## Saved data entries
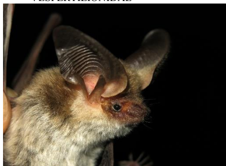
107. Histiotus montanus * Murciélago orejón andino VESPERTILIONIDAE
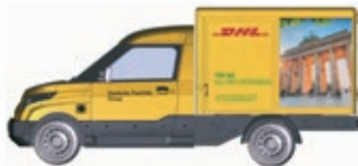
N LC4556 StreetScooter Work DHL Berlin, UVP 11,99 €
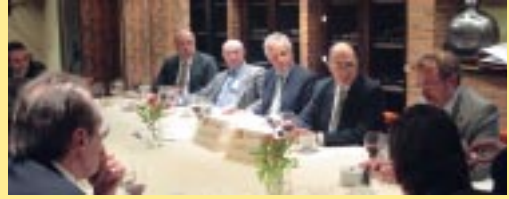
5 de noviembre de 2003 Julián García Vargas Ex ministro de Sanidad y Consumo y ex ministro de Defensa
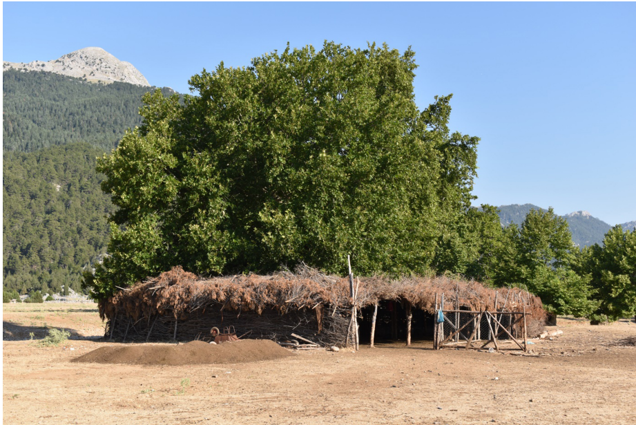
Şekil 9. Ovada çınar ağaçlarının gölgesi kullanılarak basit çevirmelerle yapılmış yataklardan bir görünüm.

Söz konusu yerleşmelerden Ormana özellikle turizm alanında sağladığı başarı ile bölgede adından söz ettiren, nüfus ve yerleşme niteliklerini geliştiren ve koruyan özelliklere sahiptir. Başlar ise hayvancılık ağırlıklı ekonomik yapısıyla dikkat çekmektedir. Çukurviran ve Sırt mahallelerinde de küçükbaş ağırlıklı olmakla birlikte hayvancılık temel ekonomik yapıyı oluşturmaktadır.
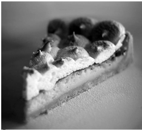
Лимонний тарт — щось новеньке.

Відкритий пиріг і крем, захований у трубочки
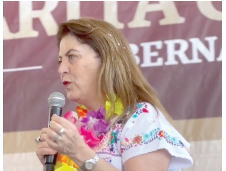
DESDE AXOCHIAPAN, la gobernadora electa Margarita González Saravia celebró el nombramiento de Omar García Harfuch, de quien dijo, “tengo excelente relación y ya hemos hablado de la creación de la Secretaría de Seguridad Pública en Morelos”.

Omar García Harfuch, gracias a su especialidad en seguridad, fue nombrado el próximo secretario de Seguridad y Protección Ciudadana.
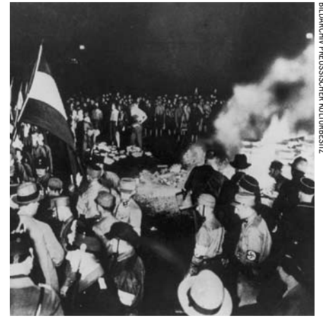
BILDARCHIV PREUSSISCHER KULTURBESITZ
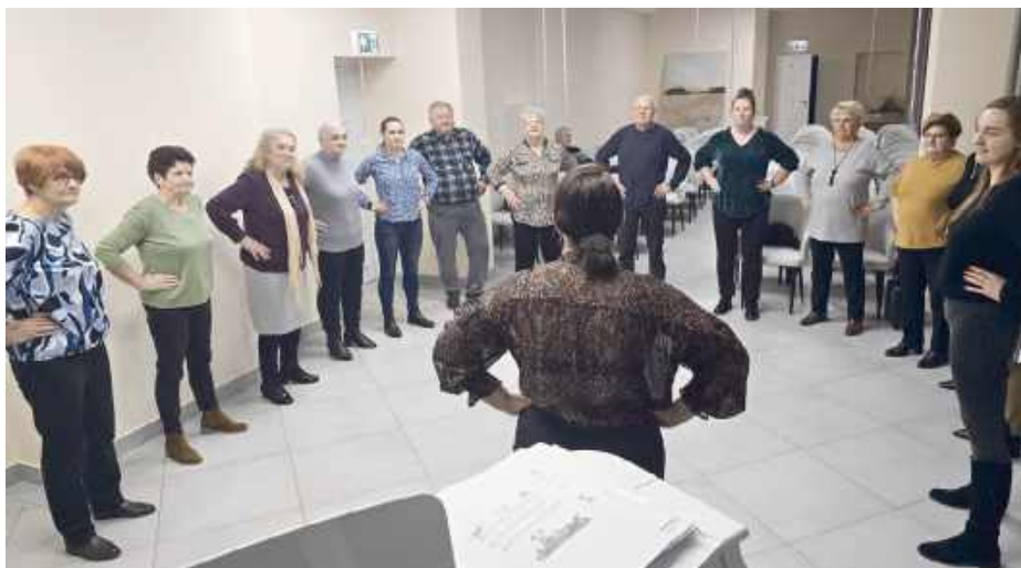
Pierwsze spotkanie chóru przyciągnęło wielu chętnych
* * *
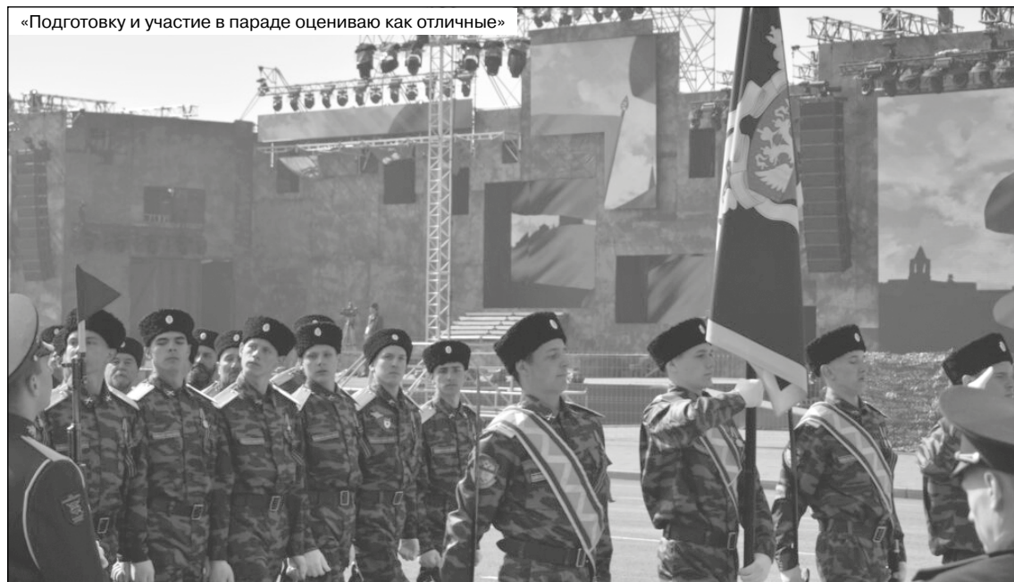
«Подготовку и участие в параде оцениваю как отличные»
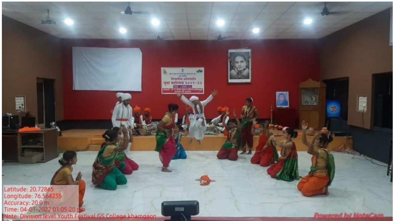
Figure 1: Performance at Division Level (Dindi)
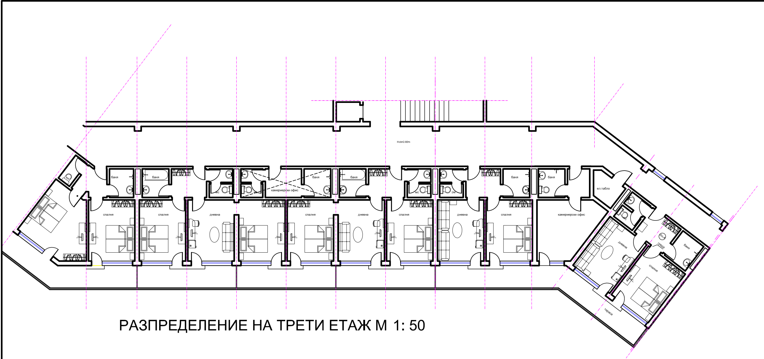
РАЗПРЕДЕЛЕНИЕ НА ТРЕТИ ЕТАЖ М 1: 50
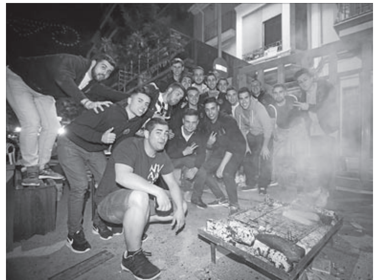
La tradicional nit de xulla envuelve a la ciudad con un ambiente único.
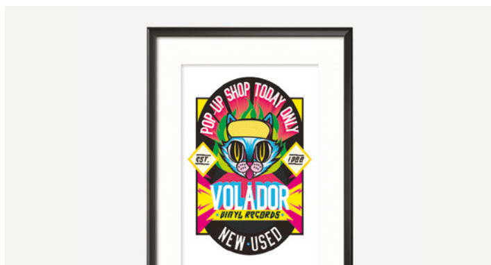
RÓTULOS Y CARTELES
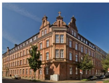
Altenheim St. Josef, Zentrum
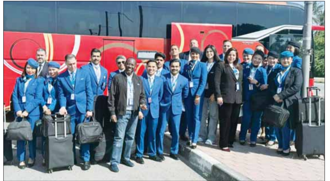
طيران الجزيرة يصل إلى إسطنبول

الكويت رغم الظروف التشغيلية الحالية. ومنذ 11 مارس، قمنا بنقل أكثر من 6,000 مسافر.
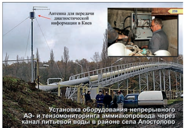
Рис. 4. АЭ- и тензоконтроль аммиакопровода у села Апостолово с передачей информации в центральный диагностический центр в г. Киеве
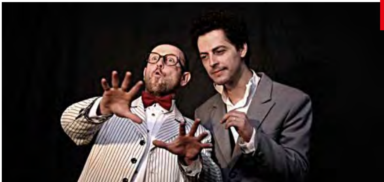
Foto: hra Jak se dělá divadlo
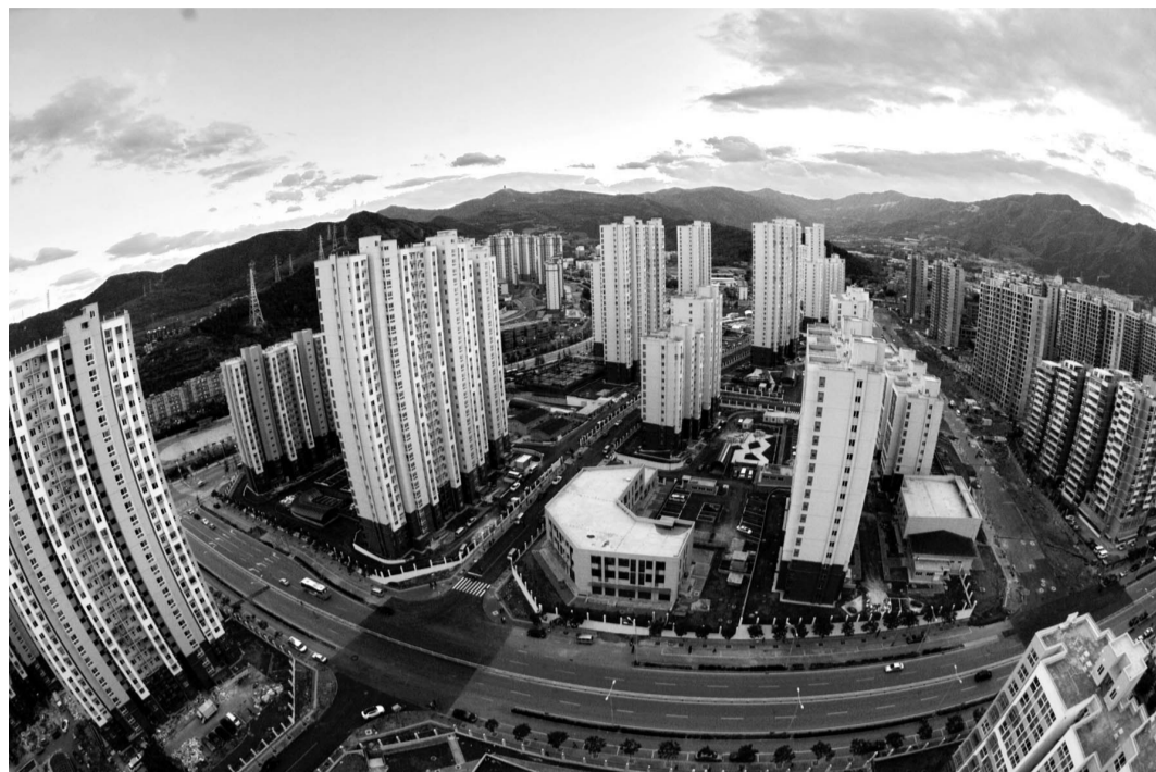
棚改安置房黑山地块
==
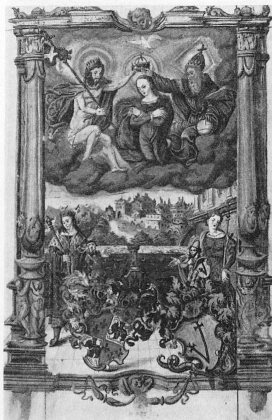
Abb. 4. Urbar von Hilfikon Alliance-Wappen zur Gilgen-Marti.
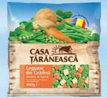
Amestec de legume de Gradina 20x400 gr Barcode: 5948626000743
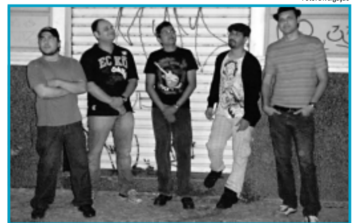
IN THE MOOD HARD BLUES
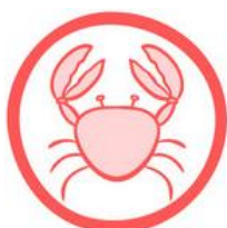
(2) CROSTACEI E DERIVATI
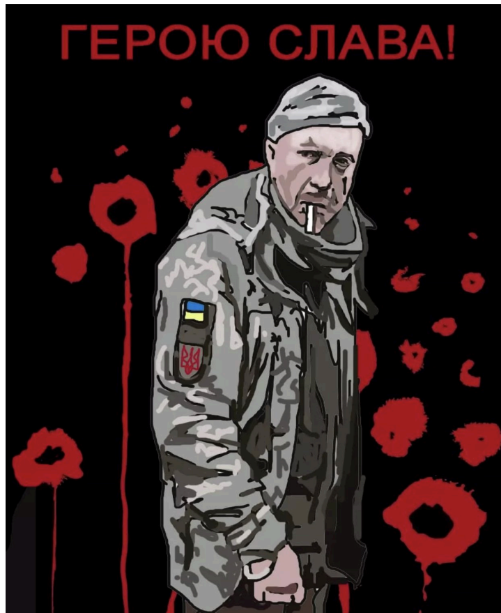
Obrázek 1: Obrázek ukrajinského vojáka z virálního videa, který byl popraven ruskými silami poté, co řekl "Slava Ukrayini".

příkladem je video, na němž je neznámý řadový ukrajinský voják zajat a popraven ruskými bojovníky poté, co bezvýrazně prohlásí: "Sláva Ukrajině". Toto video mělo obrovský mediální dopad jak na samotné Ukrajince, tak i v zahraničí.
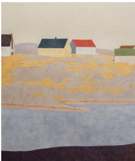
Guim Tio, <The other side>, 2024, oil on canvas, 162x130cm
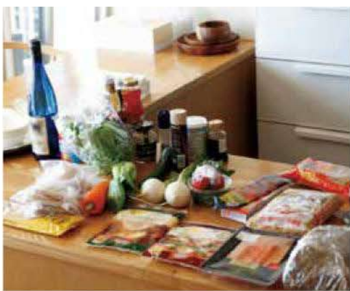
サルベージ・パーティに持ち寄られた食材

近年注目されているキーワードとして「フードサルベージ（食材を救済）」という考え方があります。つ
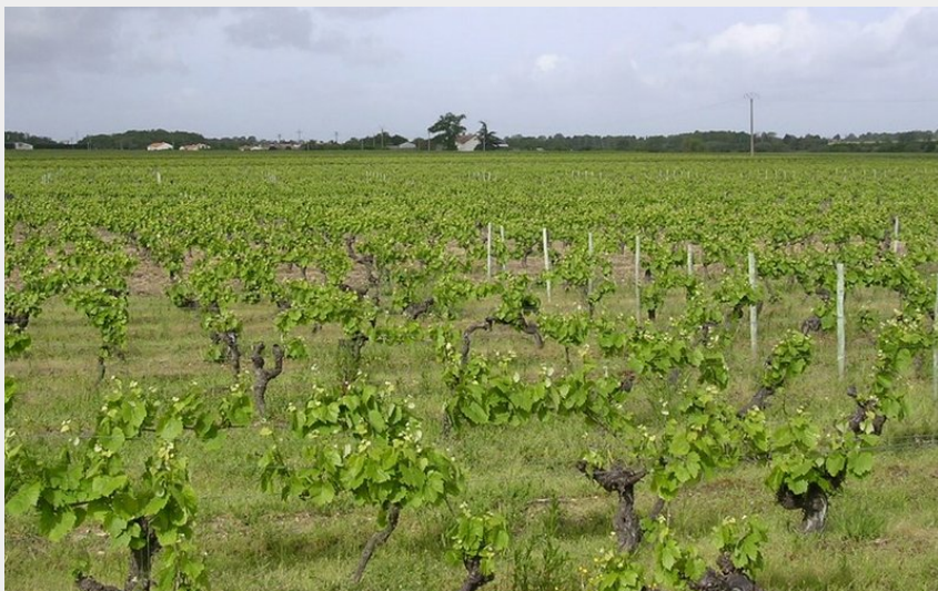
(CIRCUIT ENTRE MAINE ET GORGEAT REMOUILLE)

## Task to complete
Identify the lines in the entries above that contain "Seguridad", then copy them out.

## Finished task
DESDE AXOCHIAPAN, la gobernadora electa Margarita González Saravia celebró el nombramiento de Omar García Harfuch, de quien dijo, “tengo excelente relación y ya hemos hablado de la creación de la Secretaría de Seguridad Pública en Morelos”.
Omar García Harfuch, gracias a su especialidad en seguridad, fue nombrado el próximo secretario de Seguridad y Protección Ciudadana.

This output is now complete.